Neural Quadratic Discriminant Analysis: Nonlinear Decoding with V1-Like Computation
Pagan, Marino; Simoncelli, Eero P; Rust, Nicole C
Linear-nonlinear (LN) models and their extensions have proven successful in describing transformations from stimuli to spiking responses of neurons in early stages of sensory hierarchies. Neural responses at later stages are highly nonlinear and have generally been better characterized in terms of their decoding performance on prespecified tasks. Here we develop a biologically plausible decoding model for classification tasks, that we refer to as neural quadratic discriminant analysis (nQDA). Specifically, we reformulate an optimal quadratic classifier as an LN-LN computation, analogous to "subunit" encoding models that have been used to describe responses in retina and primary visual cortex.

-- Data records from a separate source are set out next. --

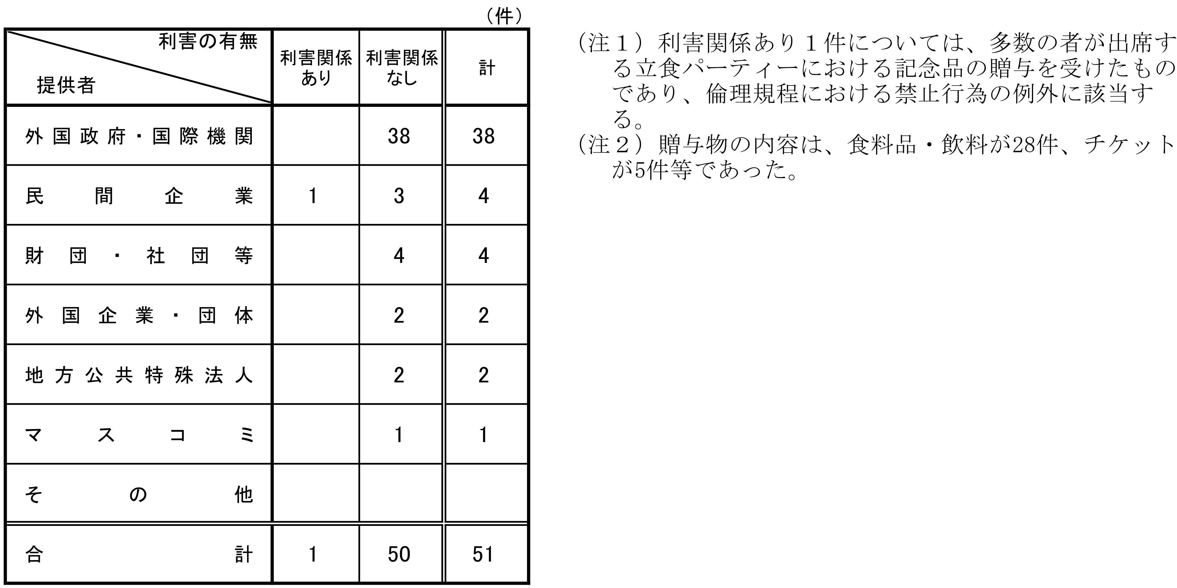 指定職以上の職員に係る贈与等報告書の提出状況について
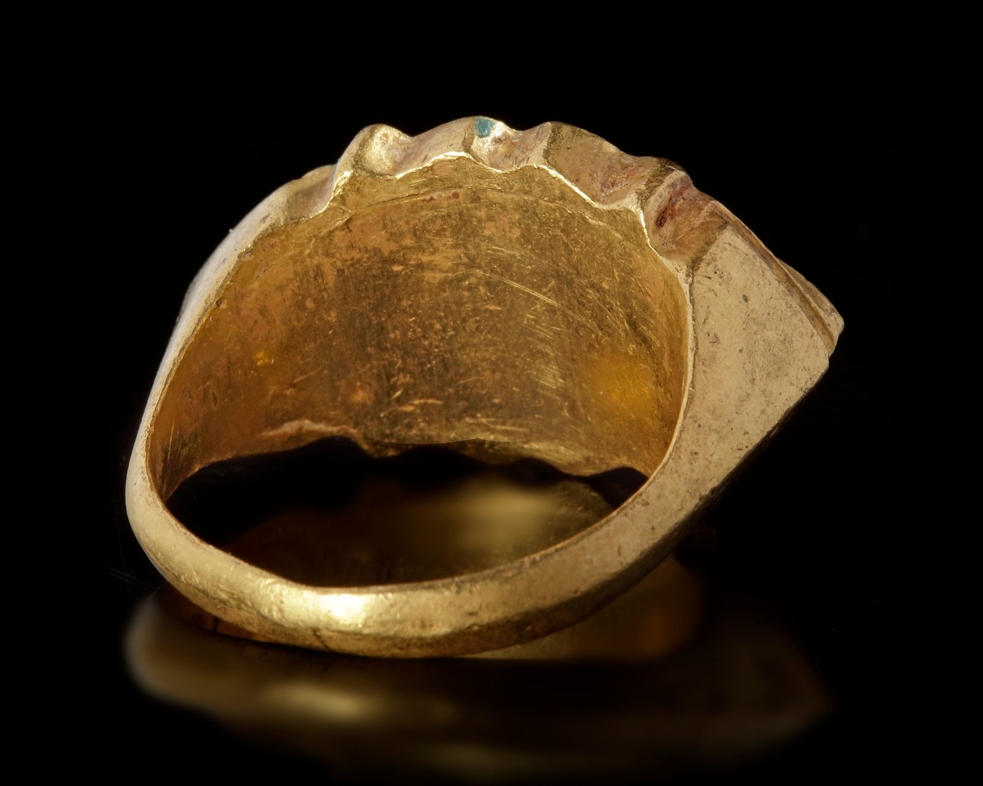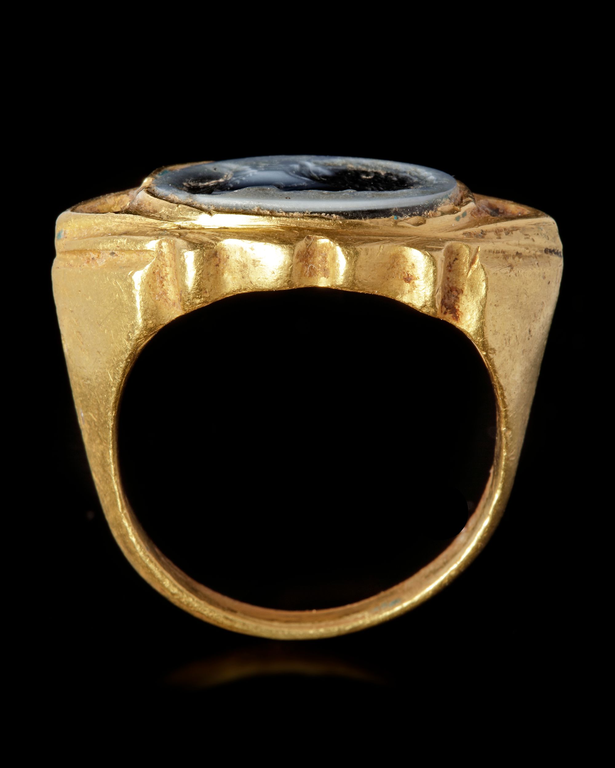 A Roman style gold ring with a nicole intaglio of a 5th.c.A.D. Empress. Gold and nicolo. Roman style 23 by 21 mm. Weight: 10.5 g.
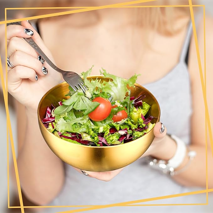 - Easy to Clean: our gold serving bowls are made with exquisite polishing and drawing processes, making the surface of the gold metal cereal bowl smooth and delicate, comfortable to touch, at the same time, its integrated roll is smooth and smooth, will not hurt the mouth and hands, making our stainless steel salad bowls smooth surface, no rough spots, so that stains are not easy to stay on our plates, easy to clean
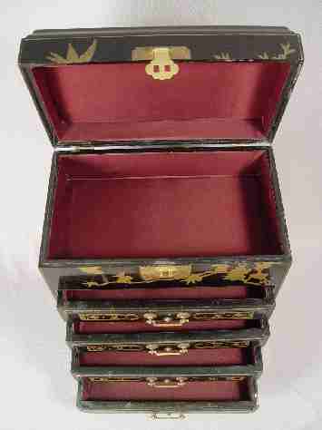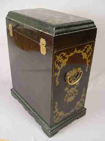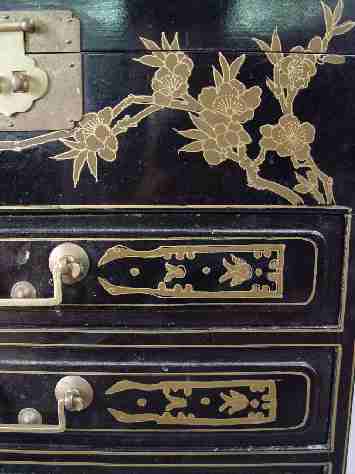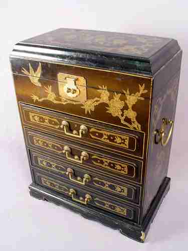 CHINOISERIE DECORATED MINIATURE CHEST: Lift top over 4 drawers. 20'' x 15'' x 9''.
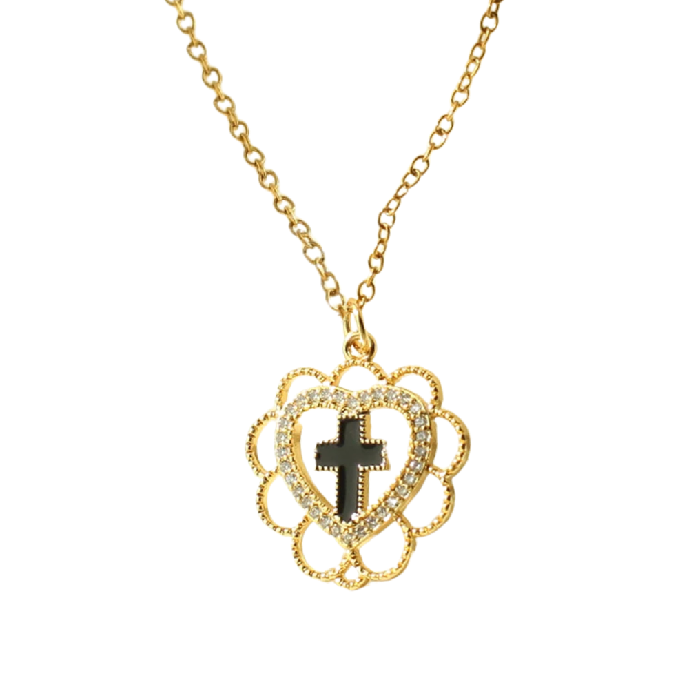 Affirmez votre amour pour le christianisme avec notre resplendissant collier avec croix noir encerclé d'un cœur. Ce pendentif en forme de cœur doré dévoile une croix noire centrale, sublimée par une bordure de zircons blancs scintillants. Les détails ajourés autour ajoutent une touche raffinée et moderne à ce bijou.

We propose a physiological mechanism by which the parameters of the nQDA classifier could be optimized, using a supervised variant of a Hebbian learning rule. As an example of its applicability, we show that nQDA provides a better account than many comparable alternatives for the transformation between neural representations in two high-level brain areas recorded as monkeys performed a visual delayed-match-to-sample task.